As I arrive in New York, the contrast from home, peace, and family and the big city is stark. There is virtually nothing in common, yet everything transcends. People are just that, people. Relationships thrive in a wide variety of situations and circumstances. Opportunities abound. They are just different!
In both circumstances, I find myself getting lost in the immediacy of the moment. It is far too easy to focus on the day-to-day deliverables, slights of any type, and ego than to see what it really at stake. Whatever our goals are, the present consumes us. Challenges are confronted, emotionally more than with thought and reflection. We seize opportunities, regardless of their importance or relevance. There is an alternative!

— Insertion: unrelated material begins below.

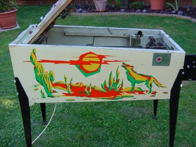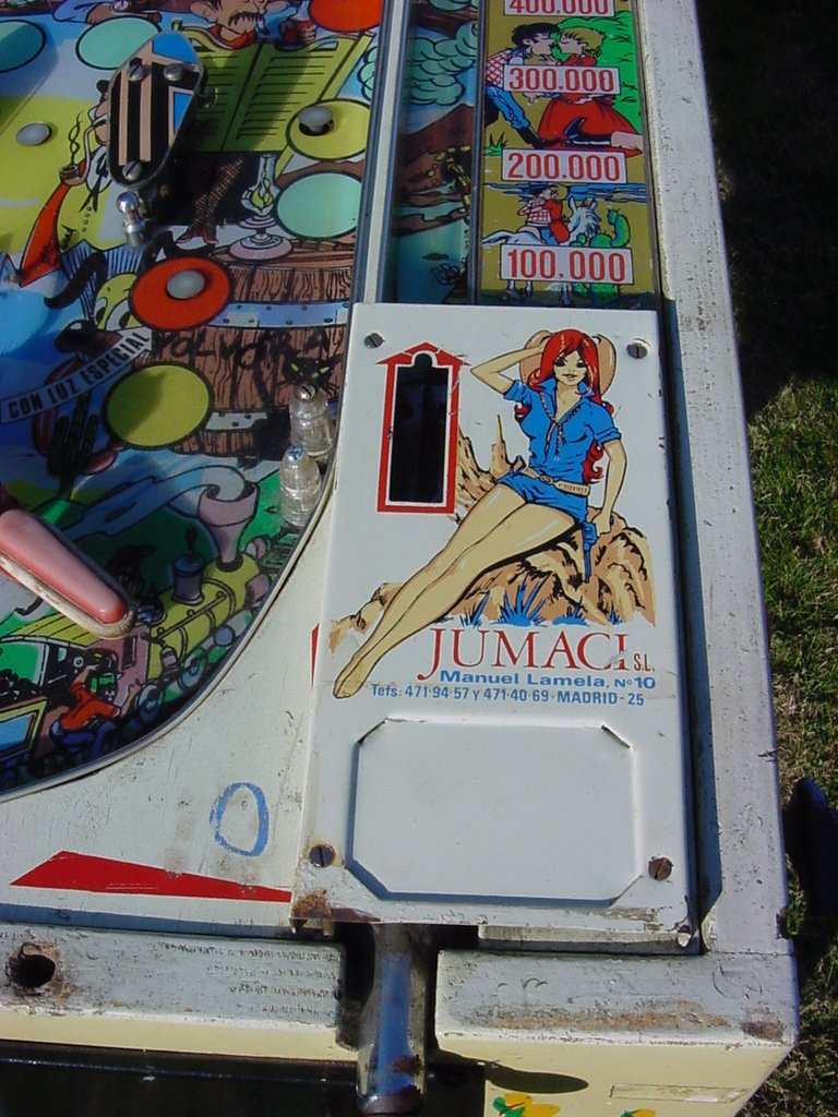 Medusa Geschrieben 7. August 2009 Geschrieben 7. August 2009 (bearbeitet) Hi liebe Freunde der Silberkugel, hier mal was mehr als exotisches, ein spanischer Flipper der Marke JUMACI gefunden von einem Freund von mir aus Frankreich, und gesucht werden halt eventuelle verfügbare Infos Name unbekannt kein Kopfteil, dafür aber 'Millionenflipper' Prinzip Thema - Western Format ist kleiner als normales Flipperformat Glasscheibe wird wie bei den alten Rally's oder auch bei manchen e-m Bally spielen nach oben geöffnet Bearbeitet 7. August 2009 von Medusa

When an adversary confronted a king, he took the matters to God. In reflection, his prayer is a model we would do well to understand. “God-of-the-Angel-Armies, enthroned over the cherubim-angels, you are God, the only God there is, God of all kingdoms on earth. You made heaven and earth. Listen, O God, and hear. Look, O God, and see. Mark all these words of Sennacherib that he sent to mock the living God. It's quite true, O God, that the kings of Assyria have devastated all the nations and their lands. They've thrown their gods into the trash and burned them—no great achievement since they were no-gods anyway, gods made in workshops, carved from wood and chiseled from rock. An end to the no-gods! But now step in, O God, our God. Save us from him. Let all the kingdoms of earth know that you and you alone are God.” (Isaiah 37.15-20)
There was far more than a kingdom at stake, then and now. The challenge was primarily with and to God. What he did, what we do, directly relates to how the communities in which we live see God. Eternal principles and values are at stake! Will compassion win out over survival of the fittest? Is love stronger than anger? Does compassion make sense in a capitalistic system? Our lives do, will tell the answer.